| Data for the task |
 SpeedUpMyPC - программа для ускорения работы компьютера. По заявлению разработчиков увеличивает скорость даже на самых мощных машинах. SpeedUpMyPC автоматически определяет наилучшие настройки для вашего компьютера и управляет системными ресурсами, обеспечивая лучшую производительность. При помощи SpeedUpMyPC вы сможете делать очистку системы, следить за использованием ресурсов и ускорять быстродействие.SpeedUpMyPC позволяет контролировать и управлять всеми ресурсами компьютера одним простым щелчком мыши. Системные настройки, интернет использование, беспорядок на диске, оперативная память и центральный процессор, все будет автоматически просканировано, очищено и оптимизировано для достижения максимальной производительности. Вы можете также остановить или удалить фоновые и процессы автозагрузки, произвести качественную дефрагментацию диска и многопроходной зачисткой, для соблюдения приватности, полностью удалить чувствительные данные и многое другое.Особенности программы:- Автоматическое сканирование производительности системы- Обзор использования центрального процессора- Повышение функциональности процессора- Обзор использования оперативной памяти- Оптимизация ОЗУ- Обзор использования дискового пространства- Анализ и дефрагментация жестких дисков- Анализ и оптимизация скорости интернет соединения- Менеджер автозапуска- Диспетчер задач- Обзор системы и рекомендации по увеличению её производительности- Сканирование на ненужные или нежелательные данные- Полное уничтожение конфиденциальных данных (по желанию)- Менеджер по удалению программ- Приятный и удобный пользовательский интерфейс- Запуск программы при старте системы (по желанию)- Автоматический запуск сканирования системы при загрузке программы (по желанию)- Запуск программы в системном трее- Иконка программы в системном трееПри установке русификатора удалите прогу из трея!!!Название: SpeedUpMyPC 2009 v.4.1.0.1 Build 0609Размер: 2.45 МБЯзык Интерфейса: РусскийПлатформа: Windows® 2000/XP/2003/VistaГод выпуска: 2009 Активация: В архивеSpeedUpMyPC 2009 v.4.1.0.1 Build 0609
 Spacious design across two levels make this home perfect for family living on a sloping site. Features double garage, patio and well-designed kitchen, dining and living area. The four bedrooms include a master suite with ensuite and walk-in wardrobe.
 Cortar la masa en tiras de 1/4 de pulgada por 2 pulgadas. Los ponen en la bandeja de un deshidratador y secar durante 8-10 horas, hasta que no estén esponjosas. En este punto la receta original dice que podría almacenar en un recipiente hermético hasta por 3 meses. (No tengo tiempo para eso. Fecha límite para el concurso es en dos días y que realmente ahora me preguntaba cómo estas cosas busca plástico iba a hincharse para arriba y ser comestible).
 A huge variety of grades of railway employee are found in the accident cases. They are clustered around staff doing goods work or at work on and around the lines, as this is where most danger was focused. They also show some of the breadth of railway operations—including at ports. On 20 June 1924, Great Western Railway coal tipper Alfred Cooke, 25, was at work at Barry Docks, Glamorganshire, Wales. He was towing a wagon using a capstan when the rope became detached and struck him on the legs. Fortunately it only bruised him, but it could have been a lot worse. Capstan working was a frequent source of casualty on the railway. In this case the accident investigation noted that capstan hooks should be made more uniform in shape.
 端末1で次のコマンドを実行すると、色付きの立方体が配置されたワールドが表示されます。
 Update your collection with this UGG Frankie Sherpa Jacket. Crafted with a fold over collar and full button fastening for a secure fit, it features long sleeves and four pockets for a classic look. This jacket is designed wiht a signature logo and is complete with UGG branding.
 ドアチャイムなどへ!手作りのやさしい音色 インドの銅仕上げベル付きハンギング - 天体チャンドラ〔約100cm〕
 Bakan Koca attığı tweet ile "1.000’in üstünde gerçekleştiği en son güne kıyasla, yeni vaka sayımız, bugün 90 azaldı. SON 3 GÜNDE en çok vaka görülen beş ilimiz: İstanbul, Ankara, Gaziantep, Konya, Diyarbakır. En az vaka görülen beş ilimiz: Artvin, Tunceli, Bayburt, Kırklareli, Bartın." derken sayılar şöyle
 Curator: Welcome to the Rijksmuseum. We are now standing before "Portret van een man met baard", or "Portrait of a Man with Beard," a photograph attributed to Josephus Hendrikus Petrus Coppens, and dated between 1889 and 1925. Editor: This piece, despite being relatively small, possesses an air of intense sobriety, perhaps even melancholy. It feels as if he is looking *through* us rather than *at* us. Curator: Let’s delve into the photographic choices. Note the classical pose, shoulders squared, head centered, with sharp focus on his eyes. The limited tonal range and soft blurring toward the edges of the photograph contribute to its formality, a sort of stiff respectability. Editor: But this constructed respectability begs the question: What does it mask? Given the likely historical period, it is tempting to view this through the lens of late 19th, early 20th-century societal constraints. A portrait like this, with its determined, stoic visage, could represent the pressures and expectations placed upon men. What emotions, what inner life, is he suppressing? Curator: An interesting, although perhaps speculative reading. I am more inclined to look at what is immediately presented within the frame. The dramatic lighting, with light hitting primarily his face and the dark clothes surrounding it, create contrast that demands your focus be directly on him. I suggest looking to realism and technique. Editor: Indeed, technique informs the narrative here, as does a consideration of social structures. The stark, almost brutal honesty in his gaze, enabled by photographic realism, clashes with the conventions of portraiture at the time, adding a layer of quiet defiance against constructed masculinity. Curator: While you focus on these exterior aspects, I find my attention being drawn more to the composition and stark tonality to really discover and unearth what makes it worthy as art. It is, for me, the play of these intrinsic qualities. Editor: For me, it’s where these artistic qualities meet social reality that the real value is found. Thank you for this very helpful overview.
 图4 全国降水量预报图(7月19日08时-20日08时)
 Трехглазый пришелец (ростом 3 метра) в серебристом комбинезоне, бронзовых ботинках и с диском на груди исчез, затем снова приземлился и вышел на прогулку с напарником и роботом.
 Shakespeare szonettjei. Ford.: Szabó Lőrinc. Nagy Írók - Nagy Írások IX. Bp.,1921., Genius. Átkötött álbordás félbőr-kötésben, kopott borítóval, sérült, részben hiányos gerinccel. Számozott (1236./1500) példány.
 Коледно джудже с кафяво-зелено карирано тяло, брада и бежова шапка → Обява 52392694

| Task description |
The data are to be transcribed in full, exactly as given.

| Solved exercise |
 SpeedUpMyPC - программа для ускорения работы компьютера. По заявлению разработчиков увеличивает скорость даже на самых мощных машинах. SpeedUpMyPC автоматически определяет наилучшие настройки для вашего компьютера и управляет системными ресурсами, обеспечивая лучшую производительность. При помощи SpeedUpMyPC вы сможете делать очистку системы, следить за использованием ресурсов и ускорять быстродействие.SpeedUpMyPC позволяет контролировать и управлять всеми ресурсами компьютера одним простым щелчком мыши. Системные настройки, интернет использование, беспорядок на диске, оперативная память и центральный процессор, все будет автоматически просканировано, очищено и оптимизировано для достижения максимальной производительности. Вы можете также остановить или удалить фоновые и процессы автозагрузки, произвести качественную дефрагментацию диска и многопроходной зачисткой, для соблюдения приватности, полностью удалить чувствительные данные и многое другое.Особенности программы:- Автоматическое сканирование производительности системы- Обзор использования центрального процессора- Повышение функциональности процессора- Обзор использования оперативной памяти- Оптимизация ОЗУ- Обзор использования дискового пространства- Анализ и дефрагментация жестких дисков- Анализ и оптимизация скорости интернет соединения- Менеджер автозапуска- Диспетчер задач- Обзор системы и рекомендации по увеличению её производительности- Сканирование на ненужные или нежелательные данные- Полное уничтожение конфиденциальных данных (по желанию)- Менеджер по удалению программ- Приятный и удобный пользовательский интерфейс- Запуск программы при старте системы (по желанию)- Автоматический запуск сканирования системы при загрузке программы (по желанию)- Запуск программы в системном трее- Иконка программы в системном трееПри установке русификатора удалите прогу из трея!!!Название: SpeedUpMyPC 2009 v.4.1.0.1 Build 0609Размер: 2.45 МБЯзык Интерфейса: РусскийПлатформа: Windows® 2000/XP/2003/VistaГод выпуска: 2009 Активация: В архивеSpeedUpMyPC 2009 v.4.1.0.1 Build 0609
 Spacious design across two levels make this home perfect for family living on a sloping site. Features double garage, patio and well-designed kitchen, dining and living area. The four bedrooms include a master suite with ensuite and walk-in wardrobe.
 Cortar la masa en tiras de 1/4 de pulgada por 2 pulgadas. Los ponen en la bandeja de un deshidratador y secar durante 8-10 horas, hasta que no estén esponjosas. En este punto la receta original dice que podría almacenar en un recipiente hermético hasta por 3 meses. (No tengo tiempo para eso. Fecha límite para el concurso es en dos días y que realmente ahora me preguntaba cómo estas cosas busca plástico iba a hincharse para arriba y ser comestible).
 A huge variety of grades of railway employee are found in the accident cases. They are clustered around staff doing goods work or at work on and around the lines, as this is where most danger was focused. They also show some of the breadth of railway operations—including at ports. On 20 June 1924, Great Western Railway coal tipper Alfred Cooke, 25, was at work at Barry Docks, Glamorganshire, Wales. He was towing a wagon using a capstan when the rope became detached and struck him on the legs. Fortunately it only bruised him, but it could have been a lot worse. Capstan working was a frequent source of casualty on the railway. In this case the accident investigation noted that capstan hooks should be made more uniform in shape.
 端末1で次のコマンドを実行すると、色付きの立方体が配置されたワールドが表示されます。
 Update your collection with this UGG Frankie Sherpa Jacket. Crafted with a fold over collar and full button fastening for a secure fit, it features long sleeves and four pockets for a classic look. This jacket is designed wiht a signature logo and is complete with UGG branding.
 ドアチャイムなどへ!手作りのやさしい音色 インドの銅仕上げベル付きハンギング - 天体チャンドラ〔約100cm〕
 Bakan Koca attığı tweet ile "1.000’in üstünde gerçekleştiği en son güne kıyasla, yeni vaka sayımız, bugün 90 azaldı. SON 3 GÜNDE en çok vaka görülen beş ilimiz: İstanbul, Ankara, Gaziantep, Konya, Diyarbakır. En az vaka görülen beş ilimiz: Artvin, Tunceli, Bayburt, Kırklareli, Bartın." derken sayılar şöyle
 Curator: Welcome to the Rijksmuseum. We are now standing before "Portret van een man met baard", or "Portrait of a Man with Beard," a photograph attributed to Josephus Hendrikus Petrus Coppens, and dated between 1889 and 1925. Editor: This piece, despite being relatively small, possesses an air of intense sobriety, perhaps even melancholy. It feels as if he is looking *through* us rather than *at* us. Curator: Let’s delve into the photographic choices. Note the classical pose, shoulders squared, head centered, with sharp focus on his eyes. The limited tonal range and soft blurring toward the edges of the photograph contribute to its formality, a sort of stiff respectability. Editor: But this constructed respectability begs the question: What does it mask? Given the likely historical period, it is tempting to view this through the lens of late 19th, early 20th-century societal constraints. A portrait like this, with its determined, stoic visage, could represent the pressures and expectations placed upon men. What emotions, what inner life, is he suppressing? Curator: An interesting, although perhaps speculative reading. I am more inclined to look at what is immediately presented within the frame. The dramatic lighting, with light hitting primarily his face and the dark clothes surrounding it, create contrast that demands your focus be directly on him. I suggest looking to realism and technique. Editor: Indeed, technique informs the narrative here, as does a consideration of social structures. The stark, almost brutal honesty in his gaze, enabled by photographic realism, clashes with the conventions of portraiture at the time, adding a layer of quiet defiance against constructed masculinity. Curator: While you focus on these exterior aspects, I find my attention being drawn more to the composition and stark tonality to really discover and unearth what makes it worthy as art. It is, for me, the play of these intrinsic qualities. Editor: For me, it’s where these artistic qualities meet social reality that the real value is found. Thank you for this very helpful overview.
 图4 全国降水量预报图(7月19日08时-20日08时)
 Трехглазый пришелец (ростом 3 метра) в серебристом комбинезоне, бронзовых ботинках и с диском на груди исчез, затем снова приземлился и вышел на прогулку с напарником и роботом.
 Shakespeare szonettjei. Ford.: Szabó Lőrinc. Nagy Írók - Nagy Írások IX. Bp.,1921., Genius. Átkötött álbordás félbőr-kötésben, kopott borítóval, sérült, részben hiányos gerinccel. Számozott (1236./1500) példány.
 Коледно джудже с кафяво-зелено карирано тяло, брада и бежова шапка → Обява 52392694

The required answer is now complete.